But then on Thursday evening, thud! A news story landed, which confirmed that, yes, it had all been real. Laurence Fox had launched the Reclaim Party; he had stood for London mayor; and he had secured under 2 per cent of the vote. We know this for certain because the Electoral Commission released figures that show Fox and his party received 1,153,300 in donations in the first quarter of 2021. (For context, the Liberal Democrats received 1,278,073.)
It’s a fabulous sum of money about 24 for each of Fox’s 47,634 votes and nearly all of it came from one man: fund manager, Crystal Palace shareholder and railway enthusiast Jeremy Hosking.
This was not, I should add, any great surprise, since Hosking is thought to have donated rather a lot more to the Reclaim Party when it was launched last year and was not shy about supporting the Brexit Party, either. But even so, 1,153,300 in the first quarter of 2021! It is, by anyone’s standards, a lot of cash to spaff on a bloke who has the words “freedom” and “space” tattooed on his hands.

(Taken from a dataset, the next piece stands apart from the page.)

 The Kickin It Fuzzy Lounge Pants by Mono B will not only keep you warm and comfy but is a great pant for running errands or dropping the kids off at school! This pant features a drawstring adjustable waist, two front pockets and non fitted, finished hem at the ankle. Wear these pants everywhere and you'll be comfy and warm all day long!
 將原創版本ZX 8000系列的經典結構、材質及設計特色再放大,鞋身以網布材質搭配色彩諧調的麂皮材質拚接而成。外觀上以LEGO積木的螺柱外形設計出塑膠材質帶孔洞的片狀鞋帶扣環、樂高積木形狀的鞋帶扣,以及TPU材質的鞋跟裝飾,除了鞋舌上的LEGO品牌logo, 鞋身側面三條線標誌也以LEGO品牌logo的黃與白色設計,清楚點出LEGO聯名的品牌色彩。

Now, Hosking has the “freedom” and indeed the “space” to spend his money however he likes. But one can’t help wondering if he feels, deep down, that he got a good return on his investment. Fox’s campaign, it’s fair to say, was a rather muted affair. Not by choice, you understand, but simply by dint of the fact that not enough people ever turned out to, well, unmute it.

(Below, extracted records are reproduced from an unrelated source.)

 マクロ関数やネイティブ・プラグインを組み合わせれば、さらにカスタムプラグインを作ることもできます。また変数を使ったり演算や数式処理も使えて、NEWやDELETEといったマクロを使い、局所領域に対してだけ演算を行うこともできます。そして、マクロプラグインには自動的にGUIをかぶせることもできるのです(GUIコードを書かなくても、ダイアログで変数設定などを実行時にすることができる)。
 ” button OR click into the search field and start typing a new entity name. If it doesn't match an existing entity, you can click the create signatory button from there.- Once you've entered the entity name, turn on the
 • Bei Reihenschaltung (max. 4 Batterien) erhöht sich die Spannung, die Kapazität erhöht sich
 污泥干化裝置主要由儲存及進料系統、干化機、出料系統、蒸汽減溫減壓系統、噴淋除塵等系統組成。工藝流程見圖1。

There is a wonderful video of Fox launching his campaign in March. There he is, standing in front of a bus, croaking: “We need to police streets, not tweets.” His supporters are seemingly outnumbered by journalists. The London mayoral election was his best chance to make an impact and he flunked it. No one was expecting him to win, of course, but 47,634 votes, one imagines, fell quite a bit short of expectations.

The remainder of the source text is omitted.